Конечно, знамя этого социального абсурда, самый яркий пример его как предельно точного отражения действительности – Город Зеро Карена Шахназарова, режиссера, не только ставшего одним из флагманов перестроечного кино, но и нашедшего этот универсальный язык. Тот, в котором предельно ясно читаются отсылки к знакомой действительности и где каждый образ – палка о двух концах. Не поймешь: то ли зубастая критика совка, то ли Кафка с колоритом русской глубинки и оммажами Хармсу. Хотя с изображением одиночества нормального человека в мире абсурда тут труднее всего. Слишком уж колоритен пейзаж в исполнении ареопага советских звезд, чтобы особенно вырисовывать вроде как случайно затесавшегося в него командировочного в совковой шляпе.
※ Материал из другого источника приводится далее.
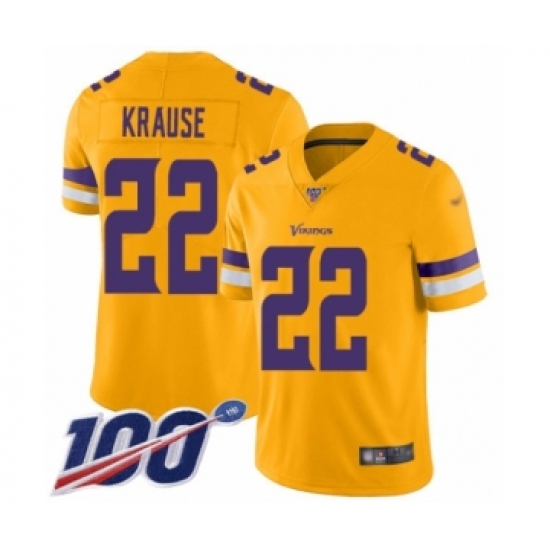 Men's Minnesota Vikings #22 Paul Krause Limited Gold Inverted Legend 100th Season Football Jersey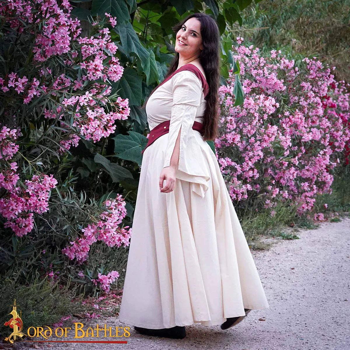 Inspired by Timeless Country Elegance: This Medieval maiden dress captures the gentle beauty and simplicity of countryside life during the Middle Ages. Inspired by historical rural garments, it has a graceful look which is suited for Renaissance fairs, medieval festivals, historical themed and fantasy events. The design shows classic medieval dress clothing, mixing comfort with period-inspired charm for an authentic look.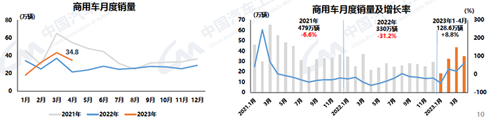 4月,商用車產銷分別完成35.5萬輛和34.8萬輛,環比分別下降18.4%和19.9%,同比分別增長68.8%和60.5%。在商用車主要品種中,與上月相比,客車、貨車產銷均呈兩位數明顯下降;與上年同期相比,客車、貨車產銷均呈快速增長。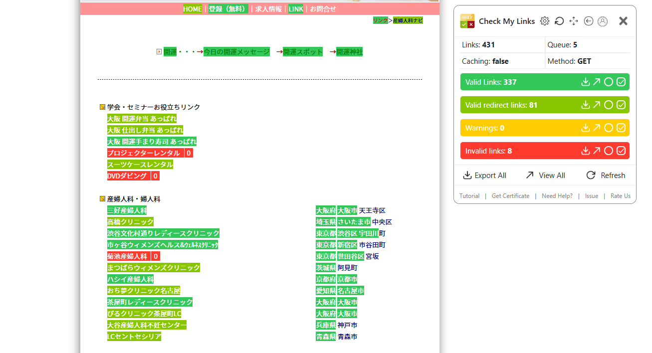 【リンク切れチェッカーでチェックした結果】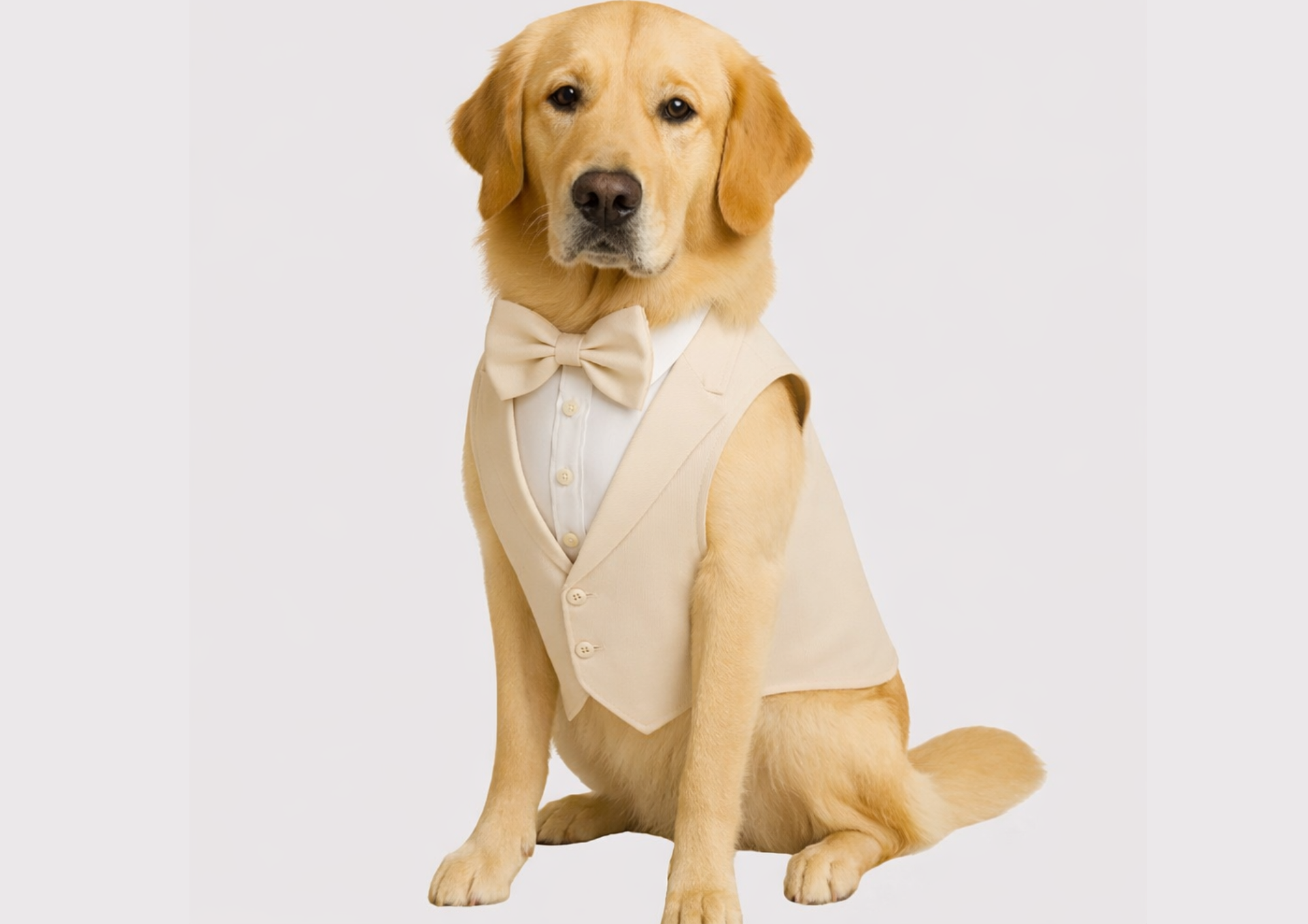 Com um design sofisticado e delicado, essa roupa pet social na cor bege claro é perfeita para cerimônias ao ar livre, casamentos diurnos e eventos especiais, trazendo leveza, estilo e muito charme ao seu pet.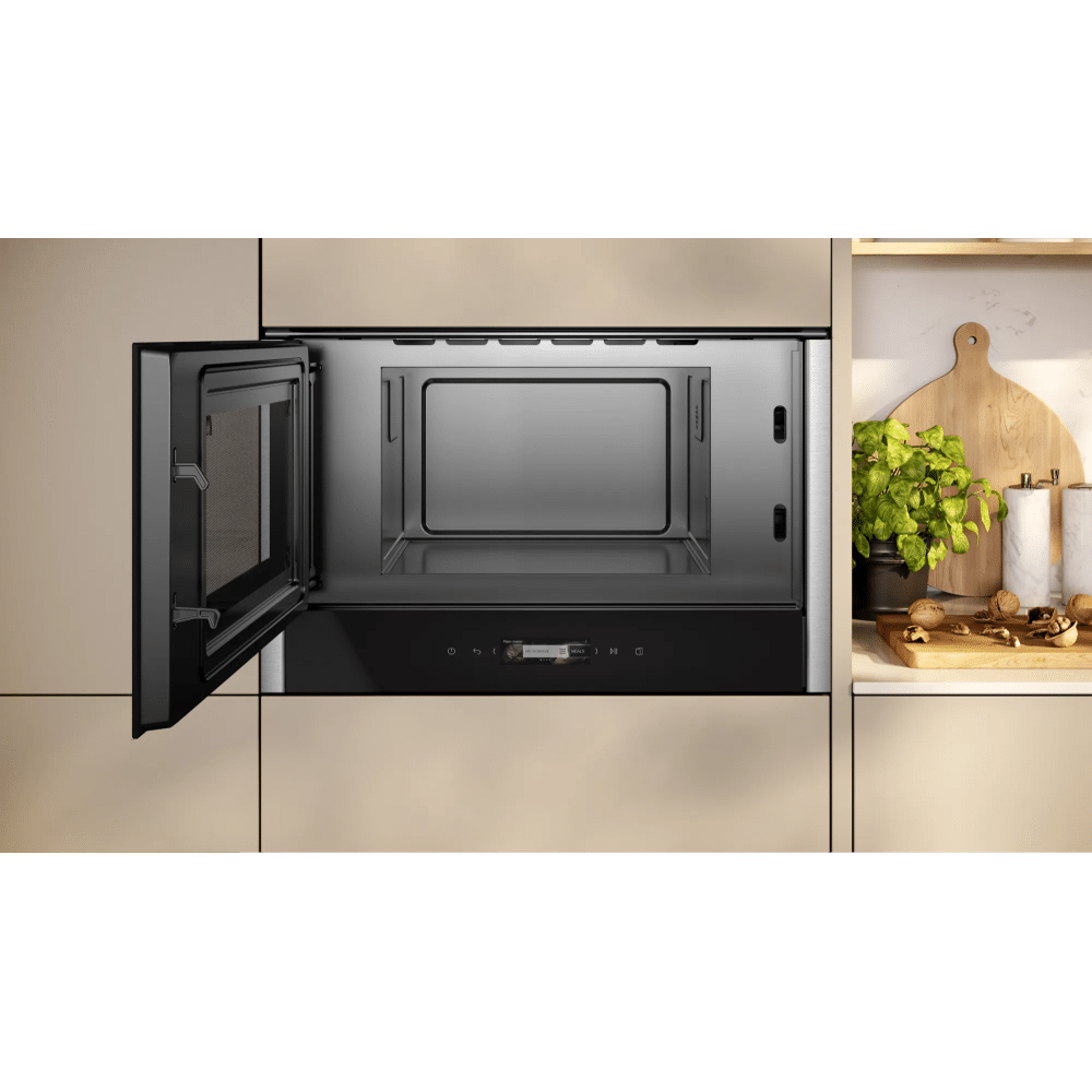 Vstavaná mikrovlnná rúra pre moderné kuchyne zo série N 70 ponúka praktické riešenie na rýchly ohrev a šetrné rozmrazovanie. Elegantná kombinácia čierneho skla a nerezu pôsobí čisto v každej linke a kompaktný objem 21 litrov je ideálny na každodenné používanie bez zbytočných kompromisov.

И сколько не старается Шахназаров противопоставить столичного ответственного работника болоту провинциального городка – ничего не выходит, герой в этот мирок слишком легко вписывается. Да и до отдельно стоящих фигурок ли, когда открывается новая тема и возможна новая интонация – бешеного гротеска, совсем не так далеко ушедшего от реальности и скорее напоминающего о ней, чем передразнивающего и пародирующего. Голые секретарши, культ личности мента, отплясывающего буги-вуги, музей, в котором вся мировая история привязана к святому гиблому месту, и даже пресловутый торт в виде головы Филатова - все это не совсем абсурд даже, а сатира. "Будь попрочнее старый таз…" - в смысле, будь проницательнее Сергей Михалков, именно так должен был бы выглядеть журнал "Фитиль", чтобы выжить в перестроечное время.
Совершенно другую грань советского абсурда – чисто формалистскую, развивавшую не "социально-критическую", а беккетовскую, европейской выделки традицию - представила в том же году Жена керосинщика - второй по значимости и яркости мосфильмовский шедевр перестроечной драмы абсурда, поставленный Александром Кайдановским. В этом фильме социального как раз предельно мало, но исключение из общего правила здесь работает скорее как его подтверждение. Это тоже производное "культуры-2", только в этом случае из сферы запрещенного, непроговоренного вырывается не "Кафку сделать былью", а "перевести Беккета на язык кино" - цель менее одиозная, конечно, но никак не менее желанная. Правда, не такая своевременная, поскольку скрытое и невысказанное у Кайдановского не ставится под ружье социальным заказом, а просто проговаривается. Не зря фильм зажил настоящей жизнью и получил своего благодарного зрителя вовсе не сразу, как Город Зеро, а по прошествии времени, уже после смерти своего создателя. Когда Беккета и Камю прочли все, включая тех, кто читать не умеет, и когда культура вовсе перестала быть такой уж герметичной - абсурд Жены керосинщика не советский, но глобальный. И ценен тут не столько колорит (хотя его в определенном смысле тоже хватает), сколько его адаптация к международному языку.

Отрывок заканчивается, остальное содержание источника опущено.